Superintendent Rick Green has proposed a $13.4 million budget for 2010-11. That proposed budget is down about $400,000 from last year’s budget, but costs have risen while revenue has declined. The Lisbon school system lost over $660,000 in state aid alone when Maine reduced its contributions in an effort to balance its own budget. Green has proposed asking residents for about $260,000 more in local funding, which would mean a property tax increase of 72 cents per $1,000 valuation. Because costs have risen so dramatically, he has also proposed cutting $1.1 million from the system’s three schools. 

That would mean a loss of about 30 positions across the system, including teachers, guidance counselors, nurses and custodians. Because some remaining positions would be shared between two schools, it’s unclear exactly how many positions would be cut from the high school alone. 

At their protest Monday, Lisbon High School students said they learned about the budget proposal from their teachers. 

“Some teachers got upset and were crying in class,” Blancato said. “They said ‘You have the right to know.'”

The students believe the proposal will eliminate electives, gut Advanced Placement and foreign language programs and make it harder for them to get help from a guidance counselor. All of that, they said, would make it more difficult to get into college.

“We need teachers to learn. You can’t just cut out all the teachers and expect us to teach ourselves. Thirty? It’s out of control,” said 16-year-old sophomore Tyler Dery.

Word of the protest spread through Facebook. By 7 a.m. Monday, about 20 students had gathered on a sidewalk across the street from the school. The superintendent said school administrators gave the teenagers until about 8 a.m. to  finish their demonstration and get to class. Some went inside. Some stayed outside. And some new protesters left the school to join their classmates. Protesters said they were suspended for the rest of the day Monday and all day Tuesday for skipping school.   

The punishment didn’t bother many of them.

“I feel we’re fighting for what we believe in,” said 17-year-old junior Cody Watson, who helped organize the protest.

The superintendent sympathized with the students and their goals. Before their protest, he said, the school system had a hard time getting the community involved in the budget process.

“It definitely got everybody’s attention,” Green said. “I hope it works in a positive way for them.”

But he also believes some of the students’ fears are unfounded.

Under his proposal, he said, no programs would be eliminated.
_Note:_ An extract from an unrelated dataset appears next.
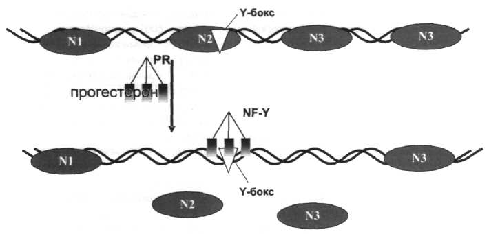 Рис. 6. Комбинаторные механизмы регуляции транскрипции генов эукариот: нуклеосомная упаковка ДНК. Статус хроматина определяется состоянием клетки и может меняться в ходе ее функционирования. В области энхансера гена утероглобина в клетках слизистой оболочки матки кролика, в репрессированном состоянии расположен массив нуклеосом (N...), препятствующий связыванию транскрипционных факторов с ДНК. При гормональной индукции прогестероном (PR) нуклеосомный массив разрушается под действием транскрипционного фактора NF-Y и энхансер становится доступен для взаимодействия с другими транскрипционными факторами (по Scholz et al., 1999).

Guidance counselors would be cut, but the high school would lose only half of a position. The school would drop its three-credit foreign language requirement and one credit of a social studies requirement, but the school’s graduation requirements would still remain within state guidelines and the classes would still be offered. Class sizes would increase and some advanced classes would be offered every other year rather than every year, but electives would remain. The school is also looking at providing students with online classes and collaborating with other area schools so Lisbon students can take classes elsewhere if they need to. 
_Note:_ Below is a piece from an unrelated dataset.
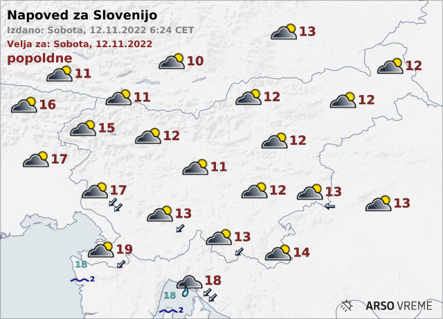 Dopoldne bo po nižinah še megla, ki se ponekod lahko zadrži večji del dneva. Na Primorskem bo pihala šibka burja, ki se bo popoldne nekoliko okrepila.

Green said he’s done his best to cater to the needs of students while dealing with the needs of taxpayers. 

The student protesters expected to remain outside the school throughout the day Monday and then move to the town office, where the school committee would meet to vote on the proposal. 

The town council is slated to vote on the proposal tonight at 7 p.m. at the town office. Residents will vote on it in a referendum June 8.